▶ [Assignment] Write the entries out again exactly; any picture among them gets left out.

·····

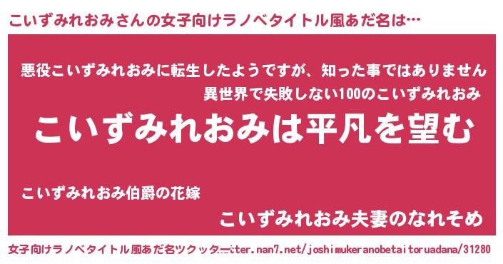 | 男性向けラノベタイトル風あだ名 | 『ダンジョンにこいずみれおみを求めるのは間違っているだろうか』 |
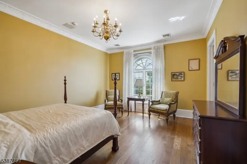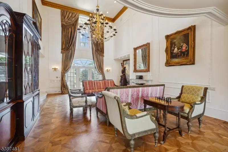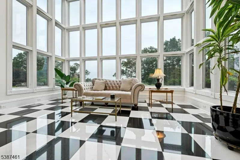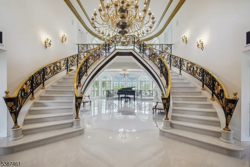 This European masterpiece, a true French Chateau, offers unparalleled beauty and with 14,000 sq ft ideally located on 3.8 acres of meticulously landscaped property at the end of a cul de sac with incredible privacy and spectacular panoramic views of the iconic New York City skyline. Nestled atop one of the highest points in Essex County. Custom built to perfection, this 4-story residence features top of the line resort-like amenities including a heated, gunite pool and spa, a relaxing sun deck, tranquil meditation garden with koi pond, multi-purpose sports court perfect for tennis or basketball and a spectacular home gym with sauna and steam room. Inside this magnificent residence there is a luxurious Master Suite with 2 spa-like baths and 2 custom walk-in closets and private state of the art movie theater, billiards, sports area with media and a stunning pub imported from Europe with leaded and stained glass windows. There is a private balcony with exclusive views of the New York City skyline. This architectural gem, located only 17 miles from New York City, features a limestone exterior, 3 levels of balconies and a grand entrance hall with a double bridal staircase and gilded railing imported from Europe. With tremendous privacy, 8 bedrooms, 9.3 baths, 6 gas fireplaces and French doors throughout the home, opening to front and back verandas on 3 levels, this home is sure to amaze. Your own private oasis! One of the most extraordinary estates in the NY Metropolitan area!
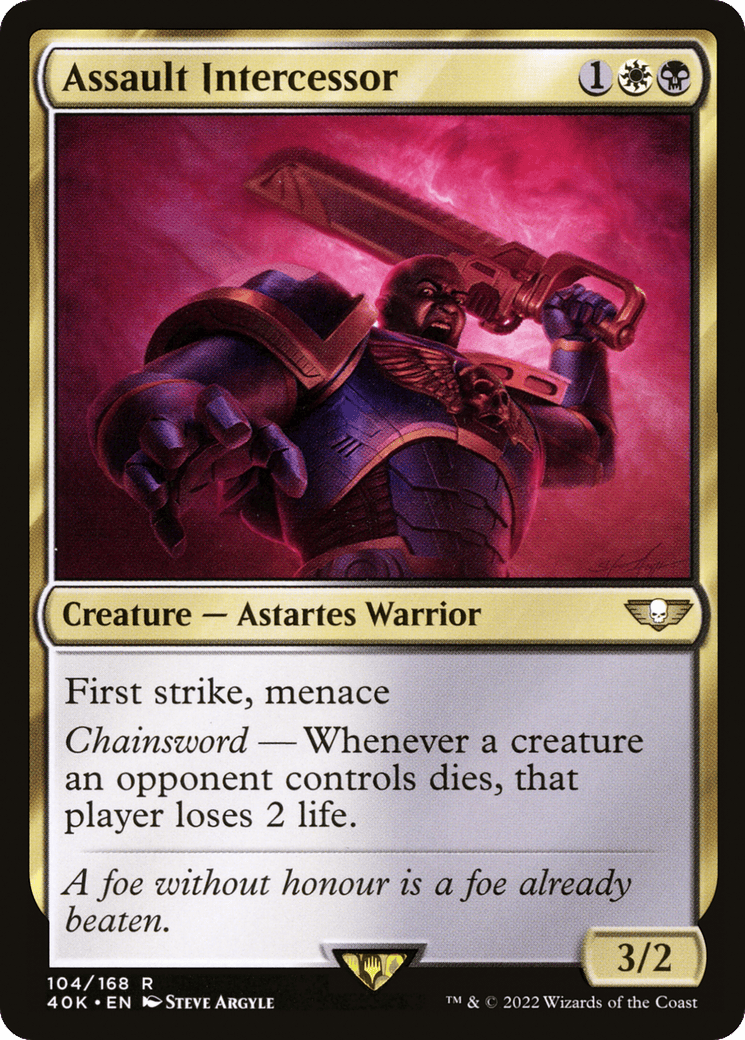 Chainsword – Whenever a creature an opponent controls dies, that player loses 2 life.
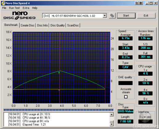 DVD Read Tests: For the read performance section of the DVD benchmarks DiscSpeed is used to test transfer speeds, seek times, and CPU usage.
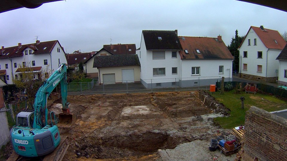 Der Bagger ist angerollt und hat schon mal die Überbleibsel an Schutt beseitigt und die Fläche eingeebnet.
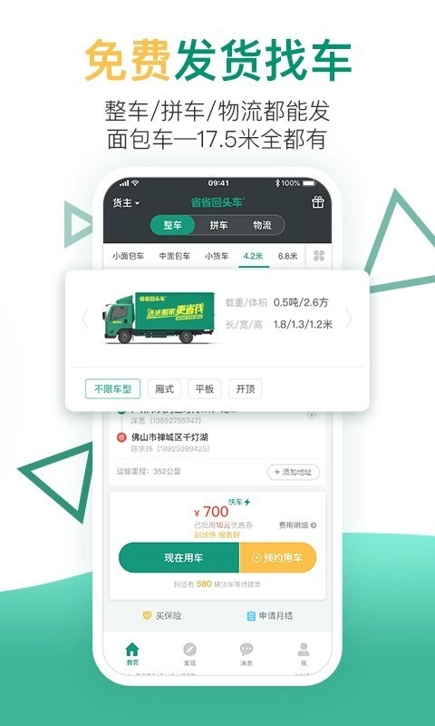 货主可借助省省回头车预约回头车、回程车、返程车以及顺风车来提货与送货。平台提供各种大、小货车,车型多样,无论是同城运输还是跨城运输都能满足。而且,运费相较市场价格优惠30%,货主能够自主挑选合适的司机完成提货与送货流程。
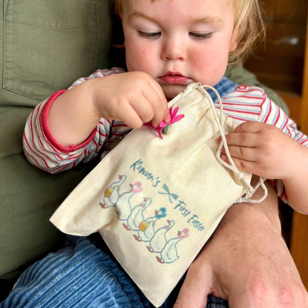 This attractive Easter gift bag is illustrated with a cheerful row of Easter ducks with bonnets, baskets and bows. Each bag comes with the seeds of your choice, and has Baby's name across the front, along with the words "My 1st Easter".
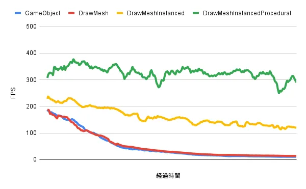 これを実行すると以下のようになります。 GameObjectやDrawMeshよりも高速なことがわかります。
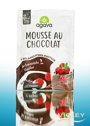 Mousse al cioccolato biologica Agava. Polvere per dessert con cacao per la preparazione di mousse al cioccolato. Un sogno al cioccolato che diventa realtà, con proteine extra. Veloce da preparare e di sicuro successo: mescoli, mescoli e goda.
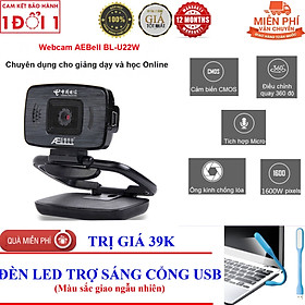 ✨ROGTZ - Webcam học Online cho máy tính AEBell BL-U22W Độ phân giải HD 720P Micro thu âm đa hướng Quay 360 độ Trục xoay linh hoạt Chỉnh sáng thông minh Cáp dài 1,5m USB 2.0 Tương thích nhiều HĐH Dễ cài đặt Dễ sử dụng - Hàng Chính Hãng
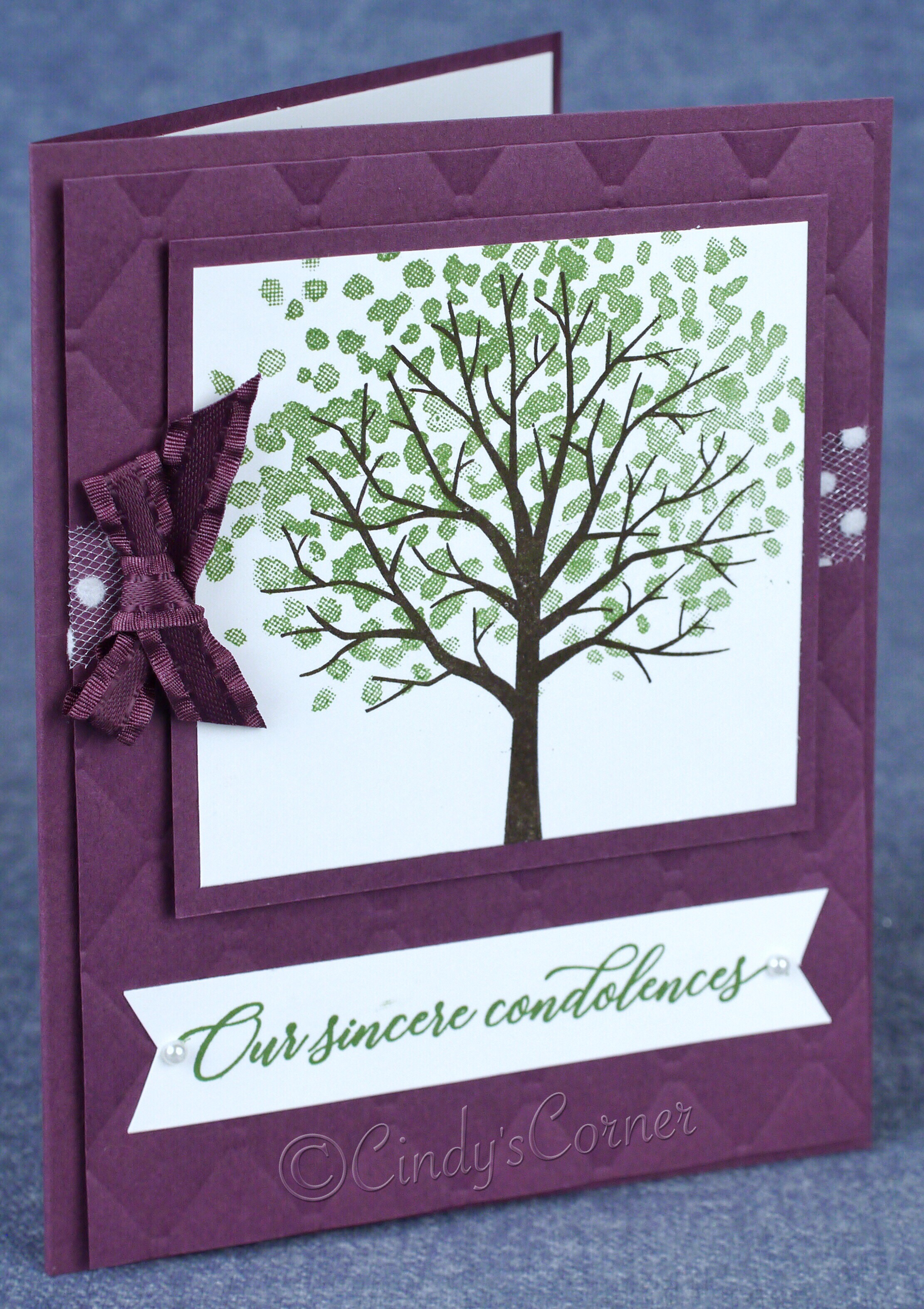 The embossed layer is popped up on 4 – 5 Stampin Dimensionals after a length of Very Vanilla Polka Dot Tulle was wrapped around. The the stamped panel added with 4 Stampin Dimensional s and a bow of Fresh Fig 3/8 Mini Ruffled Ribbon added with a mini glue dot.

·····

▶ [Solution]
 | 男性向けラノベタイトル風あだ名 | 『ダンジョンにこいずみれおみを求めるのは間違っているだろうか』 |
 This European masterpiece, a true French Chateau, offers unparalleled beauty and with 14,000 sq ft ideally located on 3.8 acres of meticulously landscaped property at the end of a cul de sac with incredible privacy and spectacular panoramic views of the iconic New York City skyline. Nestled atop one of the highest points in Essex County. Custom built to perfection, this 4-story residence features top of the line resort-like amenities including a heated, gunite pool and spa, a relaxing sun deck, tranquil meditation garden with koi pond, multi-purpose sports court perfect for tennis or basketball and a spectacular home gym with sauna and steam room. Inside this magnificent residence there is a luxurious Master Suite with 2 spa-like baths and 2 custom walk-in closets and private state of the art movie theater, billiards, sports area with media and a stunning pub imported from Europe with leaded and stained glass windows. There is a private balcony with exclusive views of the New York City skyline. This architectural gem, located only 17 miles from New York City, features a limestone exterior, 3 levels of balconies and a grand entrance hall with a double bridal staircase and gilded railing imported from Europe. With tremendous privacy, 8 bedrooms, 9.3 baths, 6 gas fireplaces and French doors throughout the home, opening to front and back verandas on 3 levels, this home is sure to amaze. Your own private oasis! One of the most extraordinary estates in the NY Metropolitan area!
 Chainsword – Whenever a creature an opponent controls dies, that player loses 2 life.
 DVD Read Tests: For the read performance section of the DVD benchmarks DiscSpeed is used to test transfer speeds, seek times, and CPU usage.
 Der Bagger ist angerollt und hat schon mal die Überbleibsel an Schutt beseitigt und die Fläche eingeebnet.
 货主可借助省省回头车预约回头车、回程车、返程车以及顺风车来提货与送货。平台提供各种大、小货车,车型多样,无论是同城运输还是跨城运输都能满足。而且,运费相较市场价格优惠30%,货主能够自主挑选合适的司机完成提货与送货流程。
 This attractive Easter gift bag is illustrated with a cheerful row of Easter ducks with bonnets, baskets and bows. Each bag comes with the seeds of your choice, and has Baby's name across the front, along with the words "My 1st Easter".
 これを実行すると以下のようになります。 GameObjectやDrawMeshよりも高速なことがわかります。
 Mousse al cioccolato biologica Agava. Polvere per dessert con cacao per la preparazione di mousse al cioccolato. Un sogno al cioccolato che diventa realtà, con proteine extra. Veloce da preparare e di sicuro successo: mescoli, mescoli e goda.
 ✨ROGTZ - Webcam học Online cho máy tính AEBell BL-U22W Độ phân giải HD 720P Micro thu âm đa hướng Quay 360 độ Trục xoay linh hoạt Chỉnh sáng thông minh Cáp dài 1,5m USB 2.0 Tương thích nhiều HĐH Dễ cài đặt Dễ sử dụng - Hàng Chính Hãng
 The embossed layer is popped up on 4 – 5 Stampin Dimensionals after a length of Very Vanilla Polka Dot Tulle was wrapped around. The the stamped panel added with 4 Stampin Dimensional s and a bow of Fresh Fig 3/8 Mini Ruffled Ribbon added with a mini glue dot.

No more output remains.